Angeblich stören sich auch andere Nachbarn daran

Das stört einen Hausbewohner, der dort vor etwa zwei Jahren eine Wohnung gekauft hat, offensichtlich so sehr, dass er gegen Zimmermann juristisch vorgeht. Es geht laut dem Obermeister der Münchner Innung für Spengler, Sanitär- und Heizungstechnik um eine Unterlassungsklage in Höhe von einer viertel Million Euro, wenn seine Mitarbeiter zu oft und zu lang mit dem Transporter in der Einfahrt stehen. "Die wollen mich raushaben", befürchtet Zimmermann. Nach all den Jahren. Angeblich stören sich auch andere Nachbarn daran, dass er vor dem Eingang zum Lager eine Gitterbox hat, in der kurzfristig die abmontierten Waschbecken oder Kloschüsseln gelagert werden. Mittlerweile decken seine Leute die alten Teile ab. Es geht angeblich auch darum, dass die Transporter auf Dauer den Belag zur Hofeinfahrt beschädigen würde. "Dabei steht mein Vermieter hinter mir", sagt Zimmermann.

Doch wie lange noch? Die Sache "regt ihn selber auf". Momentan liegt die Angelegenheit beim Landgericht, einen Vergleich, wonach seine Mitarbeiter höchstens viermal täglich für maximal zehn Minuten ein- und ausladen dürften, lehnt Zimmermann bislang ab. Klar, er könnte sein Lager aufgeben und wie andere Kollegen seiner Branche immer aktuell im Großhandel einkaufen. Doch dabei vergeht kostbare Zeit, wenn seine Monteure vor dem Einsatz erst einkaufen müssten.

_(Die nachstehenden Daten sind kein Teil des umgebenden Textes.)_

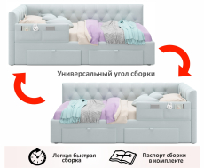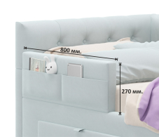 Угловая кровать-тахта Afelia (Афелия) 900 с двумя мягкими спинками и защитным бортиком выполнена из модной мебельной ткани – велюр. Это уникальный материал, который получается за счет сплетения пяти волокон одновременно. Ткань износостойкая, легко чиститься от загрязнений, практичная, эластичная, устойчивая к ультрафиолету.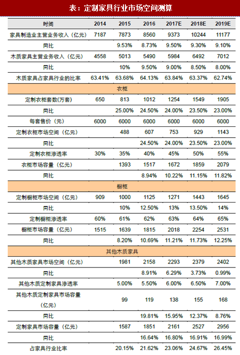 定制衣柜行业将持续快速成长。2014年我国定制衣柜销售套数为650万套,假设全国房屋年装修量1500万套,每套房屋配备1.5个衣柜,以此测算我国定制衣柜渗透率为30%左右。假设每套定制衣柜平均终端售价6000元,行业增速25%,2015年我国定制衣柜市场容量达到500亿元以上。未来几年定制衣柜的行业性增长为20%-25%,若达到50%左右的衣柜市场渗透率,2018年定制衣柜市场容量近1000亿元。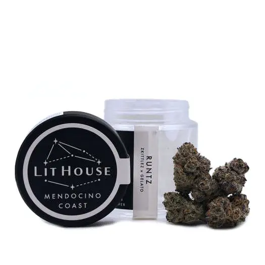 Zkittlez x Gelato The grass truly is greener in California and this red hot strain from the Cookies Fam is a shining example of Golden State excellence. Bred from two award-winning Cali classics, Zkittlez and Gelato, Runtz achieved instant celebrity status for its mouth-watering candy fruit flavor that is so tasty you just have to keep hitting it. A luscious tropical fruit aroma is highlighted with bright tangy citrus and rich earthy undertones. The high comes on smooth, with a simultaneous tingling, flowing body buzz and an active, inspired mental state, making Runtz an ideal functional creative strain. Like a soothing boardwalk evening, the thick Runtz buds are a deep indigo and viridian color, lit up with twinkling soft ember stigmas and stardust trichomes. Exhilarating yet tranquil, stimulating yet soothing, like the incomparable Pacific herself, Runtz captures all the greatness, glamour, and fertile magic of our beloved Golden Coast. Our LitHouse premium eighth jars contain 3.5 grams of small-batch, craft-grown, cannabis flower. LitHouse focuses on flavor and potency. All of our flowers is slow cold-cured and expertly trimmed for maximum terpene preservation. You can always count on high quality and consistency in every jar from LitHouse.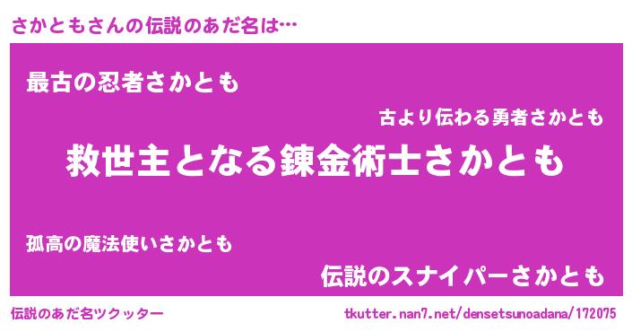| ヒーロー風カッコイイあだ名 | 『慈愛の使者さかとも』『仮面サカダー』 |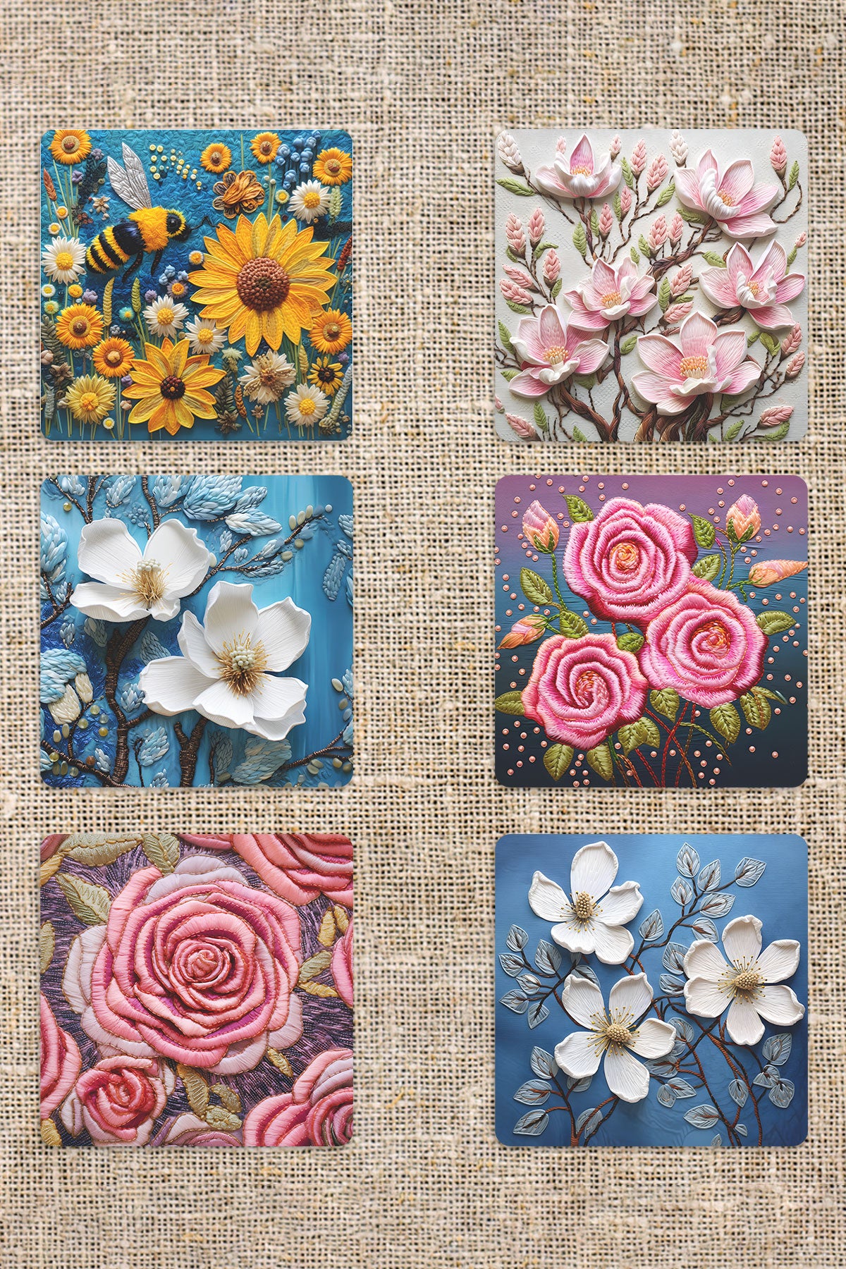 Doğal Çiçekler Temalı Hediyelik Baskılı 6'lı Set Dekoratif Ahşap Kare Bardak Altlığı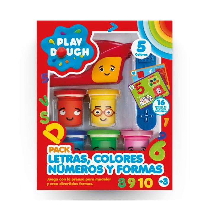 Edad recomendada: +3 años. PACK DE PLASTILINA PLAY DOUGH, CON TODO LO NECESARIO PARA JUGAR Y APRENDER, CREANDO FORMAS Y POTENCIANDO LA CREATIVIDAD. CONTENIDO: 5 BOTES DE PLASTILINA PLAY DOUGH, PRENSA CON 2 MOLDES Y LÁMINAS CON 16 ACTIVIDADES.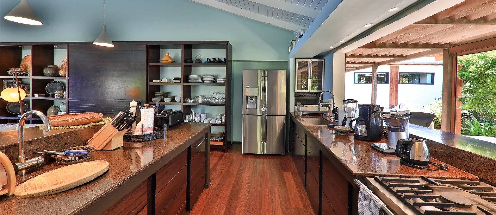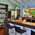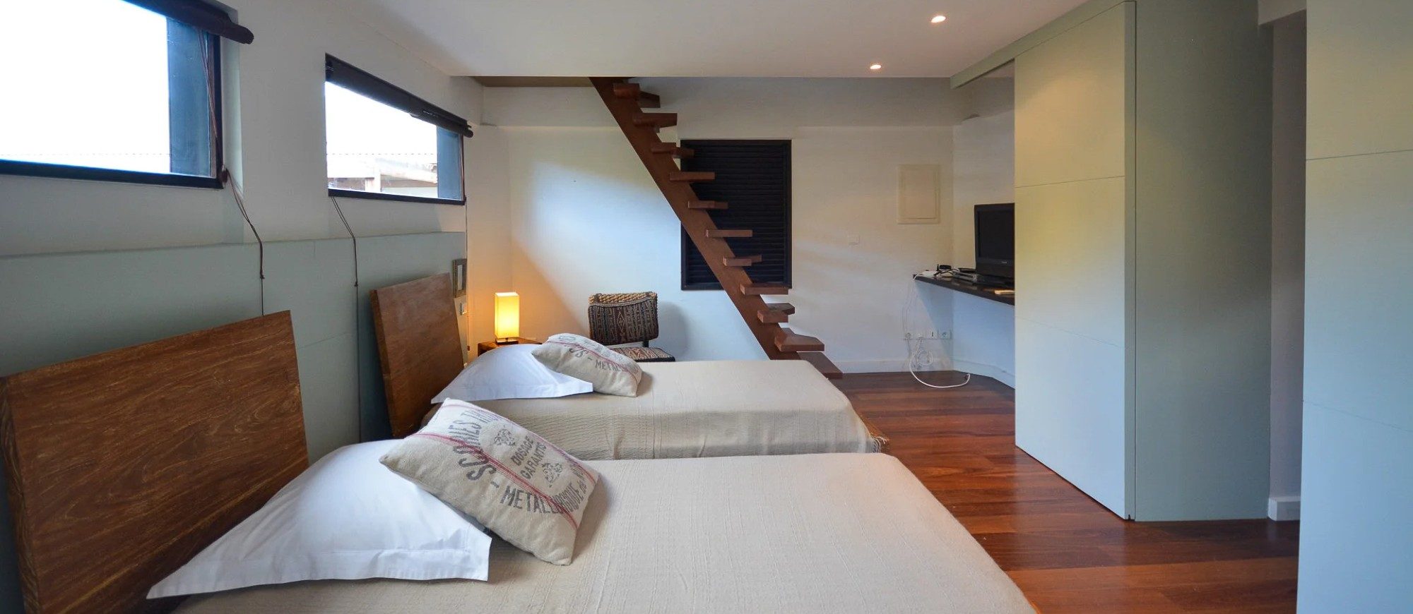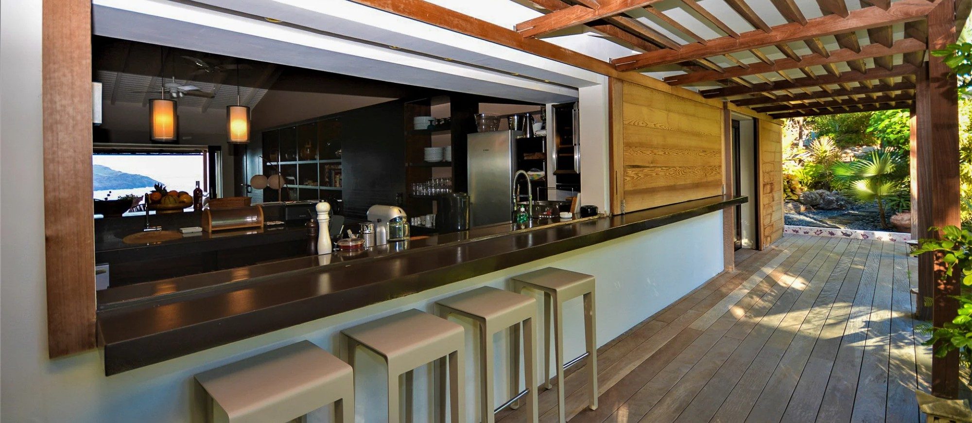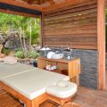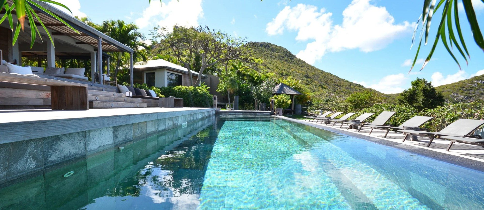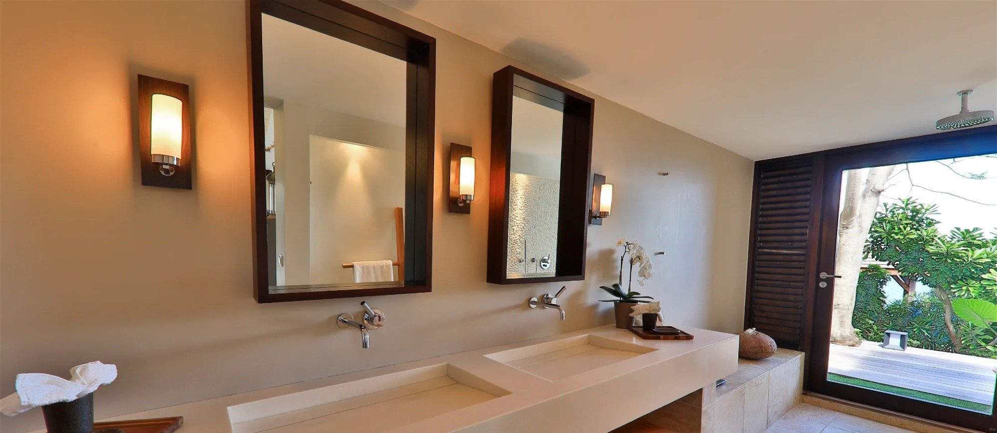 The property is composed of five large air-conditioned bedrooms furnished in Balinese style. Two of them are located in the main building, and have a king size bed, en-suite bathrooms and direct access to the swimming pool and to the garden. Two other bedrooms are located in a separate bungalow, with king size beds and private bathrooms. The fifth bedroom is located at the back of the villa with a garden view and an en-suite bathroom. It is composed of two twin beds and two single beds on the mezzanine. Finally, under an ‘ajoupa’ close to the swimming pool, there is a fitness room equipped with a massage table, elliptical trainer and treadmill.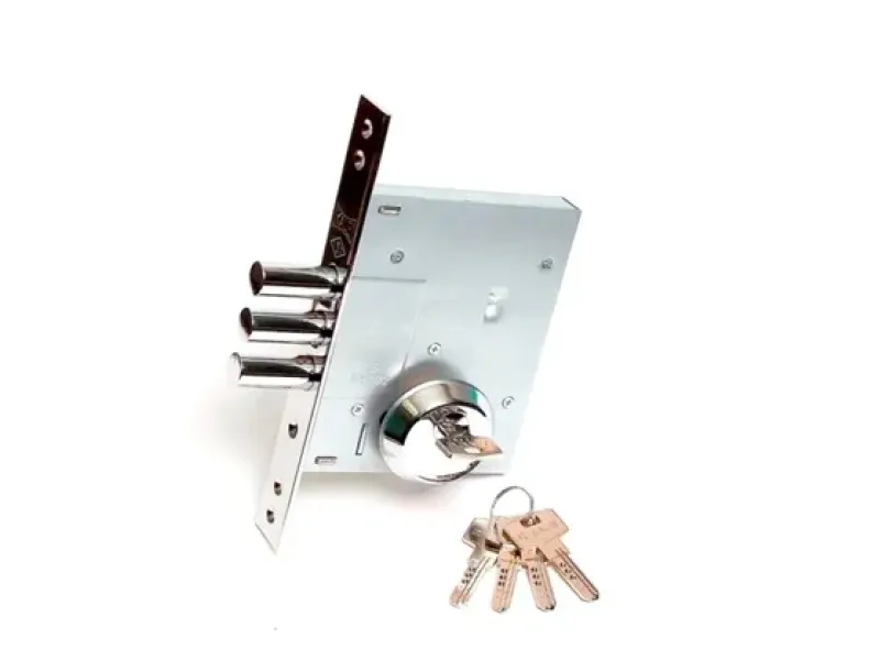 Пристрій, призначений для утримання вхідних дверей в закритому положенні. Як правило, оснащується натискною ручкою. Замикання відбувається за допомогою косокутного ригеля – «язичка», який після закривання приводиться у вихідне положення завдяки вбудованій пружині.

Und Zimmermann hat mit seinem Lager im Lehel einen weiteren enormen Standortvorteil: Viele seiner Kunden sind in direkter Nachbarschaft in der Innenstadt, die Spaten-Brauerei mit ihren Lokalen zum Beispiel. Und in der Früh können seine Mitarbeiter einfach mit der U-Bahn anreisen, über die Thierschstraße gehen, schon kann die Arbeit losgehen. Zimmermann mag gar nicht daran denken, mit seiner kleinen Firma an den Stadtrand zu ziehen. "Wenn meine Leute jeden Morgen nach Freiham raus müssten", sagt er, dann wäre nicht nur viel wertvolle Zeit verloren. Er befürchtet auch, dass Auszubildende, die ohnehin schwer zu finden sind, eine solche Anfahrt auf Dauer scheuen würden.

Kurt Kapp kann Olaf Zimmermann gut verstehen. "Gerade für Handwerksbetriebe im Innenstadtbereich ist es enorm schwierig", sagt der stellvertretende Wirtschaftsreferent und Leiter der Wirtschaftsförderung in München. Dort herrsche "ein unheimlicher Druck" auf die alteingesessenen Betriebe. Sie werden zunehmend aus den besseren Lagen an den Stadtrand oder sogar ganz aus München verdrängt.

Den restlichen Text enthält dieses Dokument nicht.